++++ Records for this task ++++

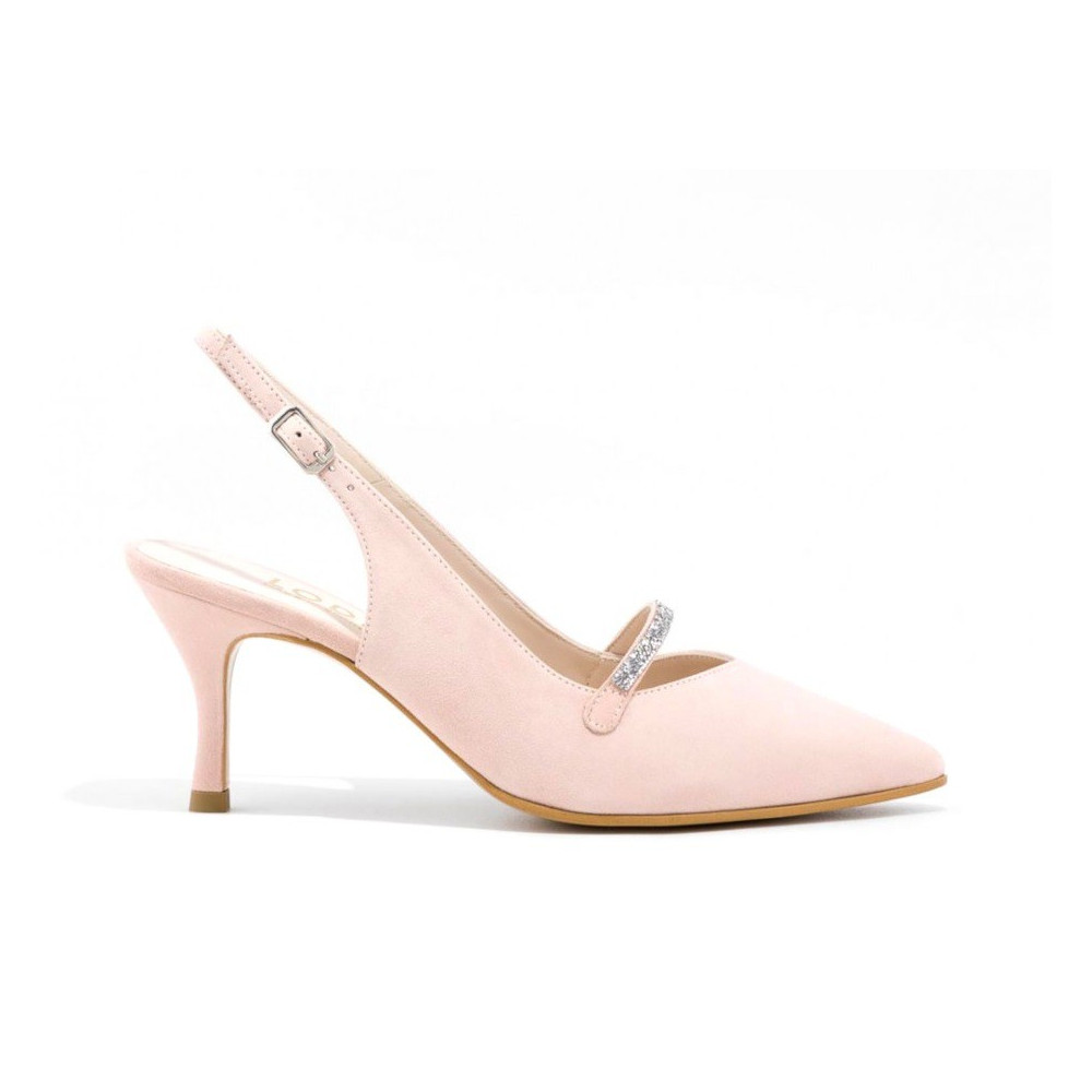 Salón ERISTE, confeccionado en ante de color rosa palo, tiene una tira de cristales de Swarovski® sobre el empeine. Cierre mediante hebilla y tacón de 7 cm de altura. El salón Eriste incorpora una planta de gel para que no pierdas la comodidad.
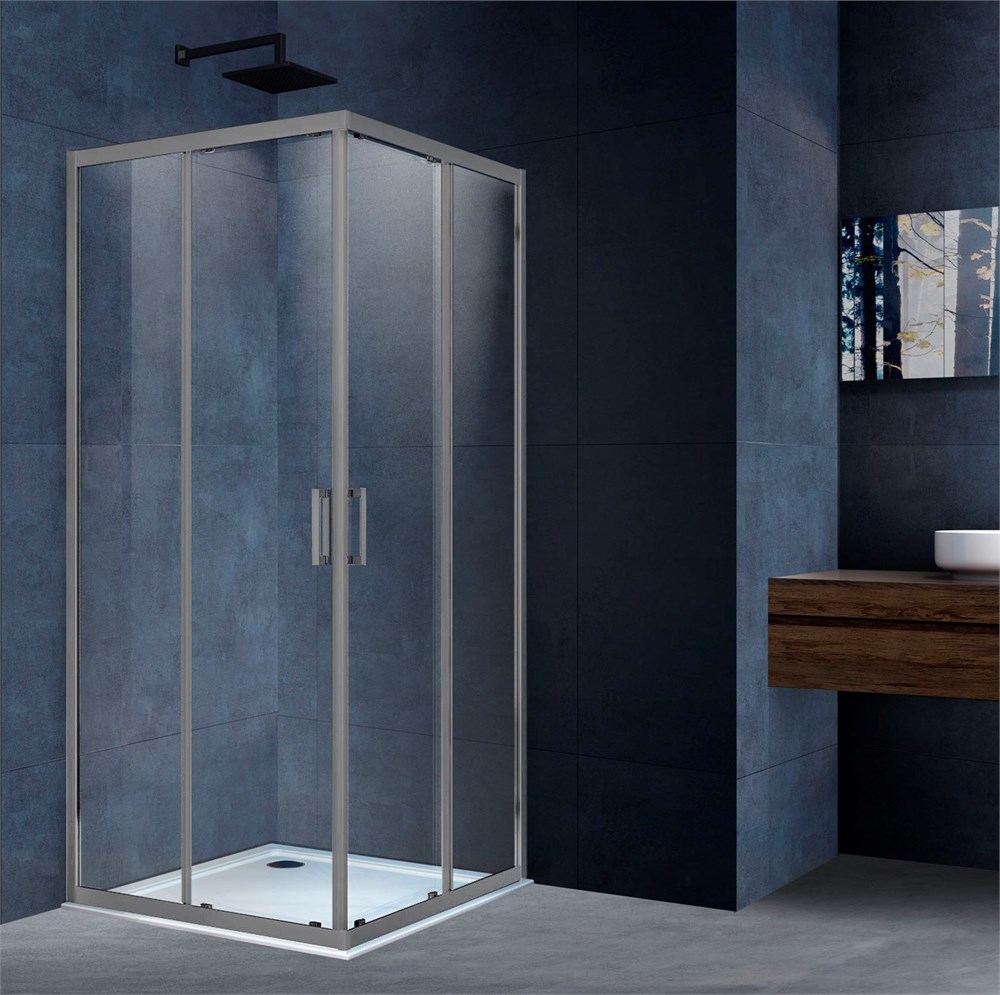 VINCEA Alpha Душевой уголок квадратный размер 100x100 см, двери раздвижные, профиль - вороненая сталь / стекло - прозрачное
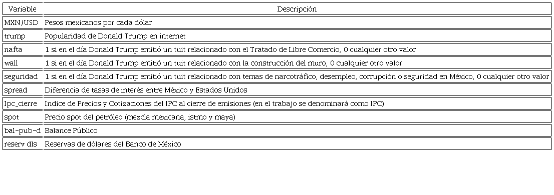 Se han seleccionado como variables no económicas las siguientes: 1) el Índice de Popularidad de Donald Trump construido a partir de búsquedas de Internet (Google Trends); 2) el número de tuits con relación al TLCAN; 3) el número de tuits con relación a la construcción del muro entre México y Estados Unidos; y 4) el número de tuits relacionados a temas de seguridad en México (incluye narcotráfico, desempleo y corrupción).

++++
++++ Records for this task ++++

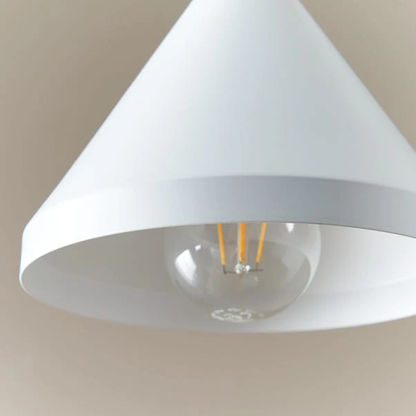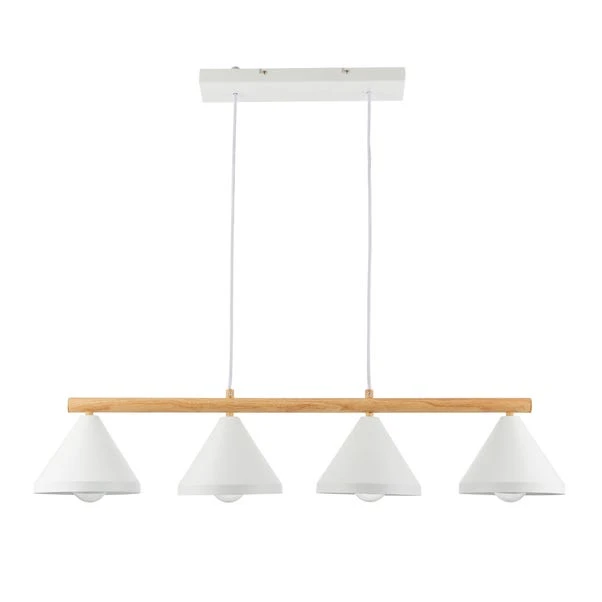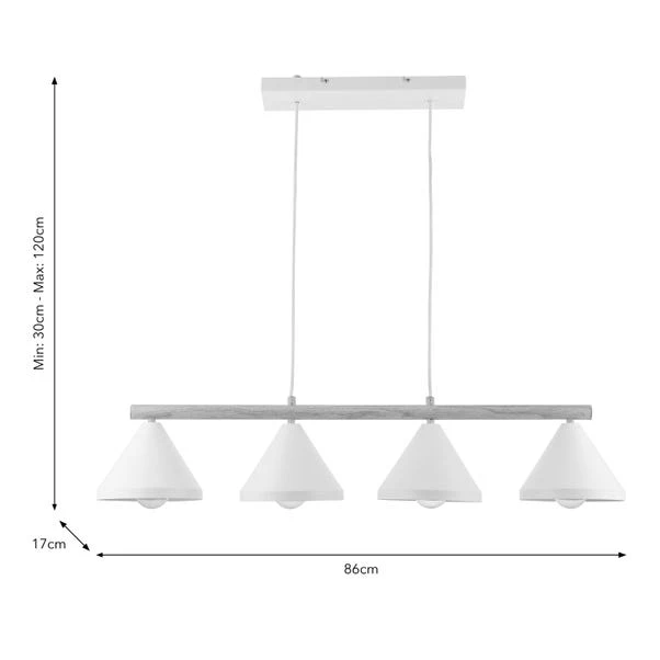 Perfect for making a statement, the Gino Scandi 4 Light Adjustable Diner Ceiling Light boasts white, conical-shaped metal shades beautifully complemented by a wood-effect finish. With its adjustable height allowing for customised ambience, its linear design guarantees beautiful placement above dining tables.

++++
++++ Records for this task ++++

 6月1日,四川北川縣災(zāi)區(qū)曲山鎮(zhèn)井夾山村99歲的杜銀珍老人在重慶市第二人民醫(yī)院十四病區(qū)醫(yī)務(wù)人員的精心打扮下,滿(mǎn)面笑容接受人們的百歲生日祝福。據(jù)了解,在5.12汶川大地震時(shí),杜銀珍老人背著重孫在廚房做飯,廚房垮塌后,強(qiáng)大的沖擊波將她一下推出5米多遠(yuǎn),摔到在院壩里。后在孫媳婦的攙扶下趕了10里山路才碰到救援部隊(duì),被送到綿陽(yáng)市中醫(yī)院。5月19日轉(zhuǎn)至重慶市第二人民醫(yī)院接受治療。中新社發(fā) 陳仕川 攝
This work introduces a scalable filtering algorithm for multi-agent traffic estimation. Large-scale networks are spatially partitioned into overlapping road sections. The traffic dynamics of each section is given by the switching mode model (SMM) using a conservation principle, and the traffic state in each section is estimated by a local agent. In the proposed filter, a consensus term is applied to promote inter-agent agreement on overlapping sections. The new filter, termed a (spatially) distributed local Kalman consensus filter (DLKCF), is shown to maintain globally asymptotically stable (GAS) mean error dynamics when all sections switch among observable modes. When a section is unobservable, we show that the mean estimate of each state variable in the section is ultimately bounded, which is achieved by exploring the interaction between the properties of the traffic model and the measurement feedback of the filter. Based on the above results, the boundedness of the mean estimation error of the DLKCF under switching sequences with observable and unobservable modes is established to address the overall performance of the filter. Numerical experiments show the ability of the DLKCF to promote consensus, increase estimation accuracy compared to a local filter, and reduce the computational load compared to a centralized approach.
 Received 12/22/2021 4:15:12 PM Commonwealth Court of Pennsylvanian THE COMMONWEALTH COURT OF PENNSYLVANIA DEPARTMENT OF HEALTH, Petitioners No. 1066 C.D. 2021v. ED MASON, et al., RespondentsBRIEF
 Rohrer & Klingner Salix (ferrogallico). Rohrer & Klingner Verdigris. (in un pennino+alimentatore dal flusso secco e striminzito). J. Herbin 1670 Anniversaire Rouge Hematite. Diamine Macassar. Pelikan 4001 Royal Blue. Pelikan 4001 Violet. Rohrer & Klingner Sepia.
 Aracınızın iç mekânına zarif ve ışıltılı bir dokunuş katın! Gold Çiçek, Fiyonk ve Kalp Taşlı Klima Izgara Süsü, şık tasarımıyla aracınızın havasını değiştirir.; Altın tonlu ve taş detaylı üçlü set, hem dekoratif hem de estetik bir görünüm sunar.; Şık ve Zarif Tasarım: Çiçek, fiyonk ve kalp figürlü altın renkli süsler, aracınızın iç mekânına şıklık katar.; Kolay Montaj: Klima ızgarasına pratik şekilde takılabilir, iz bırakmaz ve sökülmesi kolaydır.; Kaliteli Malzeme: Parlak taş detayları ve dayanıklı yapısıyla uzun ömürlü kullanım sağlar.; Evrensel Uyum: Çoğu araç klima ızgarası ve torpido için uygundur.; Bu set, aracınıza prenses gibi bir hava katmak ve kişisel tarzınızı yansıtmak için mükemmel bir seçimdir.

++++

→ **Exercise instructions**
Pictures aside, return exactly the lines from the data above, starting at the line that has "Salón ERISTE, confeccionado" and ending at the line that has "Se han seleccionado", both included.

→ **Answer section**
 Salón ERISTE, confeccionado en ante de color rosa palo, tiene una tira de cristales de Swarovski® sobre el empeine. Cierre mediante hebilla y tacón de 7 cm de altura. El salón Eriste incorpora una planta de gel para que no pierdas la comodidad.
 VINCEA Alpha Душевой уголок квадратный размер 100x100 см, двери раздвижные, профиль - вороненая сталь / стекло - прозрачное
 Se han seleccionado como variables no económicas las siguientes: 1) el Índice de Popularidad de Donald Trump construido a partir de búsquedas de Internet (Google Trends); 2) el número de tuits con relación al TLCAN; 3) el número de tuits con relación a la construcción del muro entre México y Estados Unidos; y 4) el número de tuits relacionados a temas de seguridad en México (incluye narcotráfico, desempleo y corrupción).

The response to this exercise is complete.